(Source data)
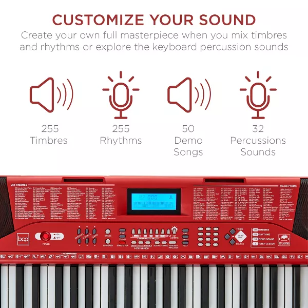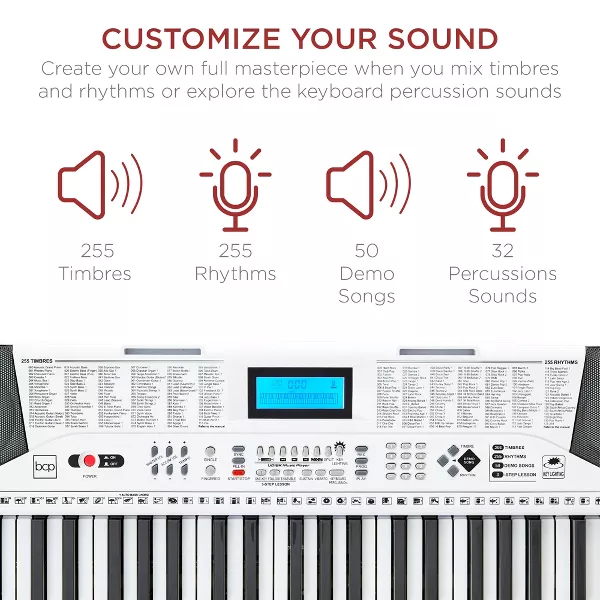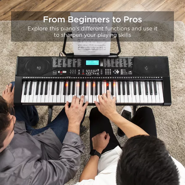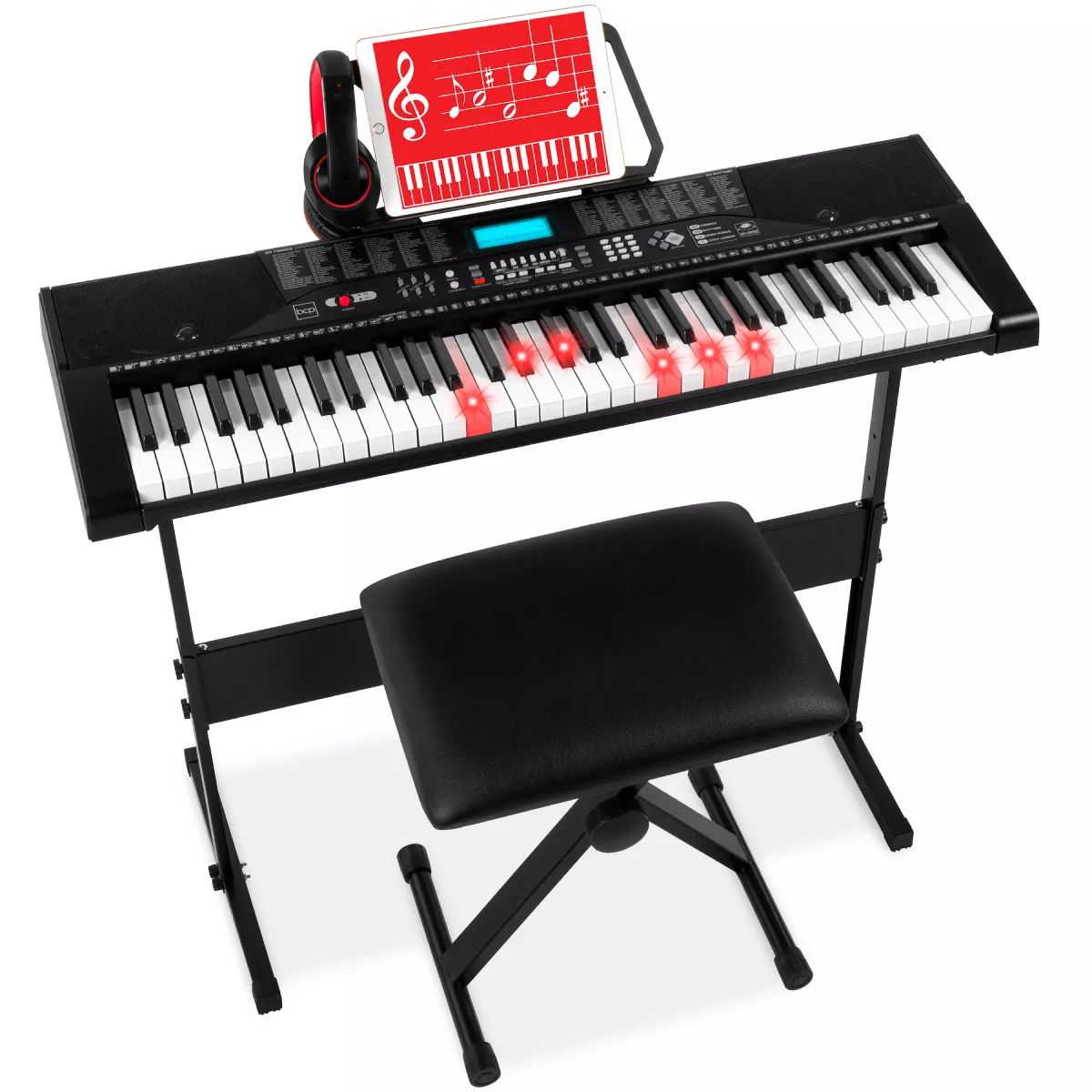 Making music has never been so easy! Learn by playing, follow along as keys light up in teaching mode, and play your way to proficiency. Create your own full masterpiece when you mix timbres and rhythms or explore the keyboard percussion sounds and in effect, customize your sound. Here's what's included: a keyboard, a music holder, a stand (15in x 32in x 22.5-27in), and a chair (12in x 16in x 19in). All of these tools are perfect for beginners, as they explore this piano's different functions and use them to sharpen their playing skills. Headphones are included, wear them to cancel surrounding distractions when you need that extra focus thanks to the padded speakers. From pros to beginners this piano is ready for you!
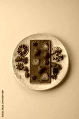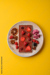 Bar sweet craft artisan chocolate with dried fruits made at home. Craft chocolate
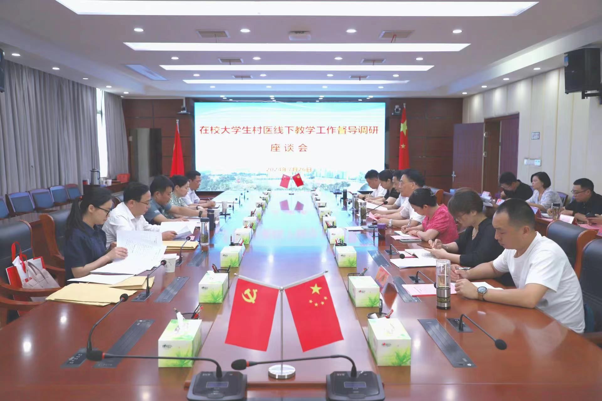 7月26日,省卫生健康委科技教育处三级调研员杨昱一行来今年会,就村医暑期教学工作进行调研。安徽医学高等专科学校党委委员、教务处处长朱霖,亳州职业技术学院教务处处长王甫成,省卫健委、市卫健委有关同志陪同调研。校党委副书记、校长朱庆丰,党委委员陈琪、刘毅等校领导携校村医学历提升工作专班人员参加调研组座谈。
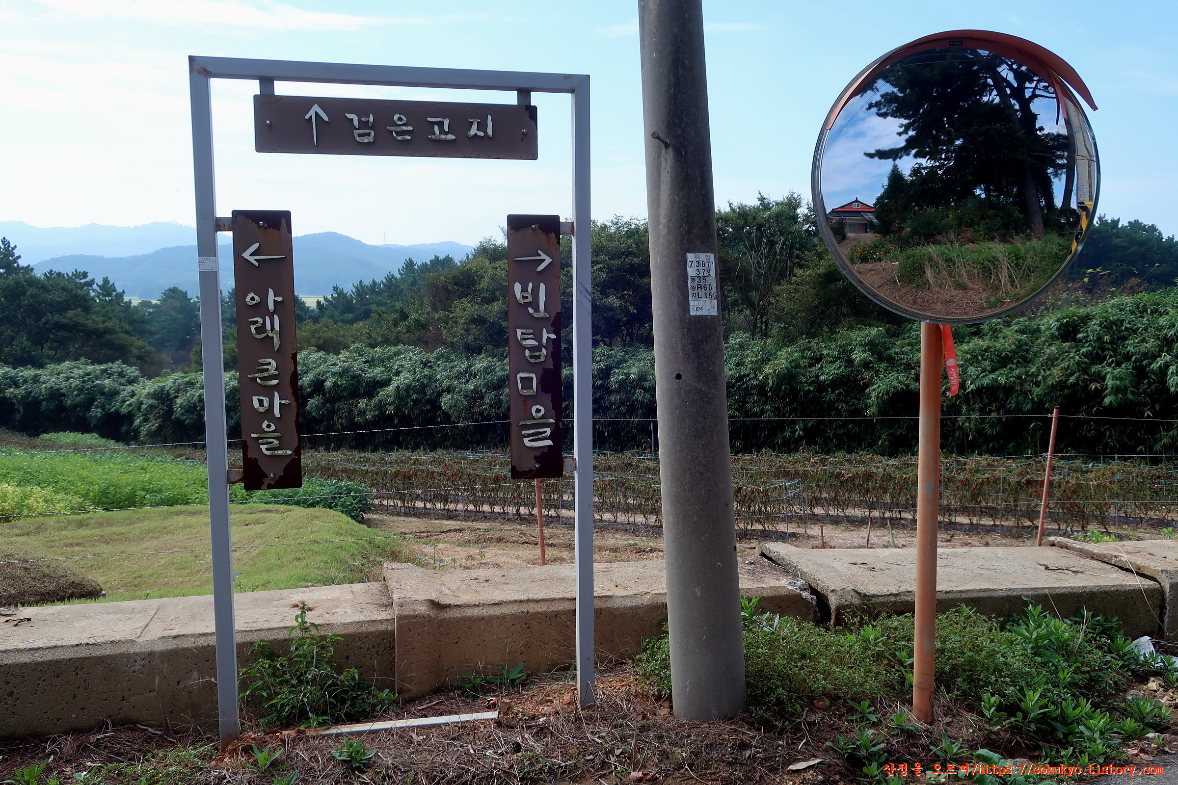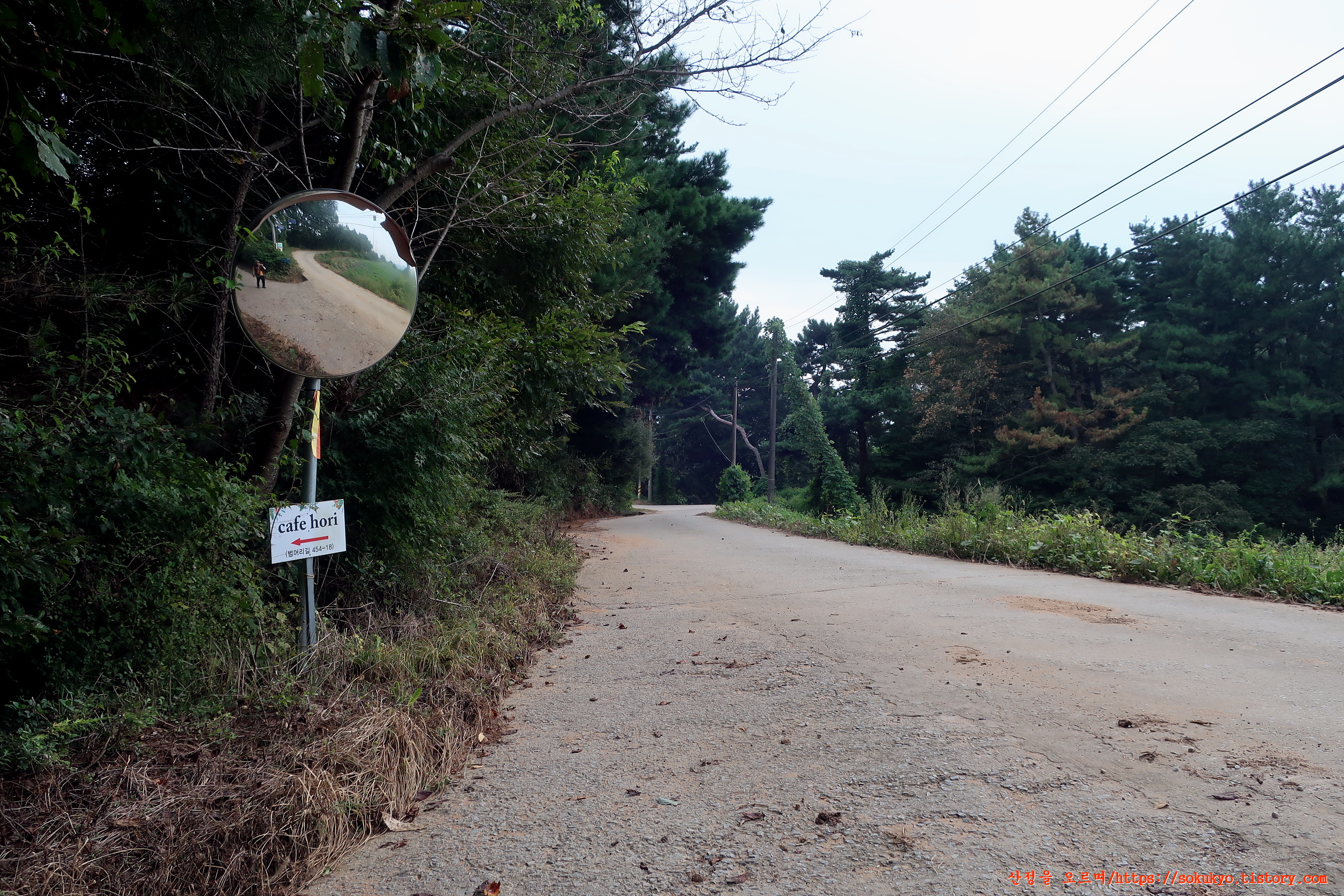 세멘트 포장의 '밤머리길'을 오르면 고갯마루턱 삼거리(거울반사경)에 닿고
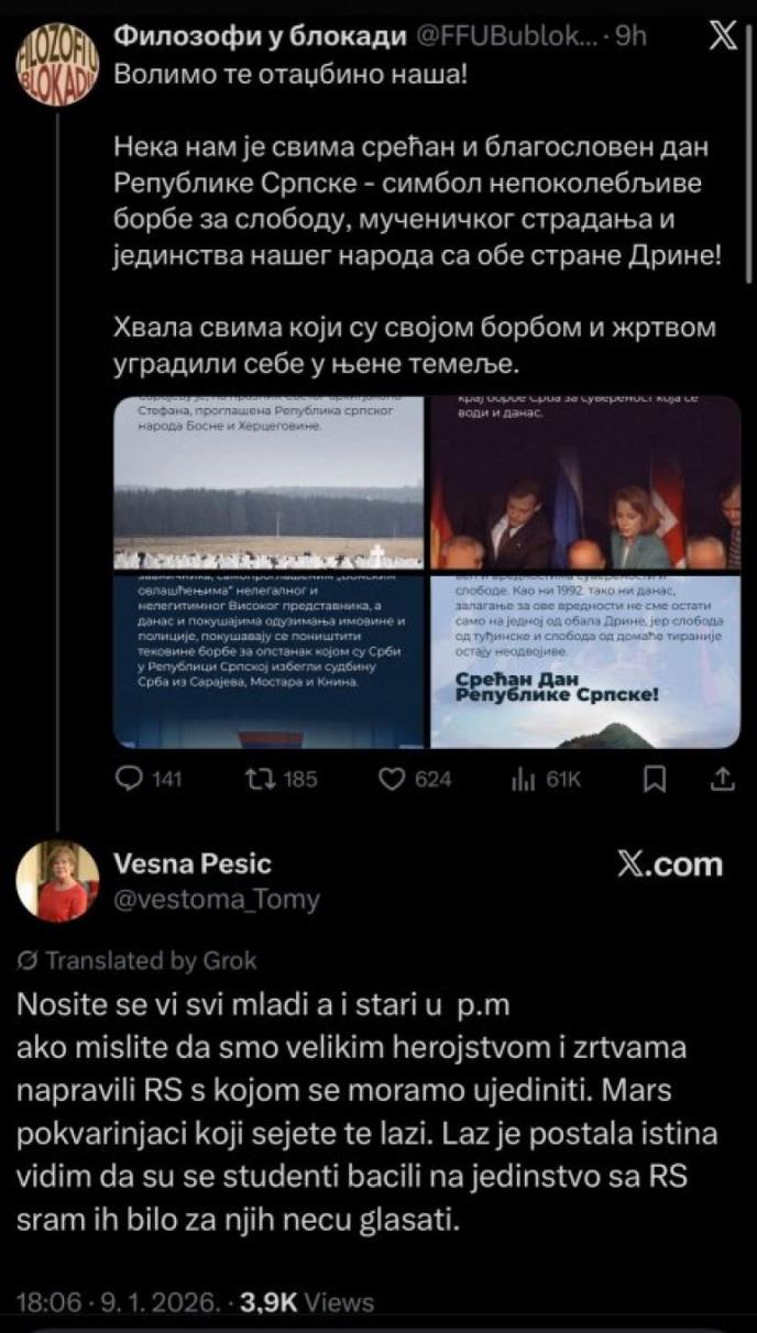 Nalog blokadera sa Filozofskog fakulteta u Beogradu, pokrenuo je potpuni haos na društvenoj mreži Iks (X) i posvađao one koji su, po svemu sudeći, do juče bili uz njih - a sve je krenulo od njihove čestitke za Dan Republike Srpske što se protivnicima aktuelne vlasti nije svidelo!
(End Source data)
- [Instructions for the task] Nothing but the records, copied exactly and stripped of pictures, should be returned.

- [Reply]
 Making music has never been so easy! Learn by playing, follow along as keys light up in teaching mode, and play your way to proficiency. Create your own full masterpiece when you mix timbres and rhythms or explore the keyboard percussion sounds and in effect, customize your sound. Here's what's included: a keyboard, a music holder, a stand (15in x 32in x 22.5-27in), and a chair (12in x 16in x 19in). All of these tools are perfect for beginners, as they explore this piano's different functions and use them to sharpen their playing skills. Headphones are included, wear them to cancel surrounding distractions when you need that extra focus thanks to the padded speakers. From pros to beginners this piano is ready for you!
 Bar sweet craft artisan chocolate with dried fruits made at home. Craft chocolate
 7月26日,省卫生健康委科技教育处三级调研员杨昱一行来今年会,就村医暑期教学工作进行调研。安徽医学高等专科学校党委委员、教务处处长朱霖,亳州职业技术学院教务处处长王甫成,省卫健委、市卫健委有关同志陪同调研。校党委副书记、校长朱庆丰,党委委员陈琪、刘毅等校领导携校村医学历提升工作专班人员参加调研组座谈。
 세멘트 포장의 '밤머리길'을 오르면 고갯마루턱 삼거리(거울반사경)에 닿고
 Nalog blokadera sa Filozofskog fakulteta u Beogradu, pokrenuo je potpuni haos na društvenoj mreži Iks (X) i posvađao one koji su, po svemu sudeći, do juče bili uz njih - a sve je krenulo od njihove čestitke za Dan Republike Srpske što se protivnicima aktuelne vlasti nije svidelo!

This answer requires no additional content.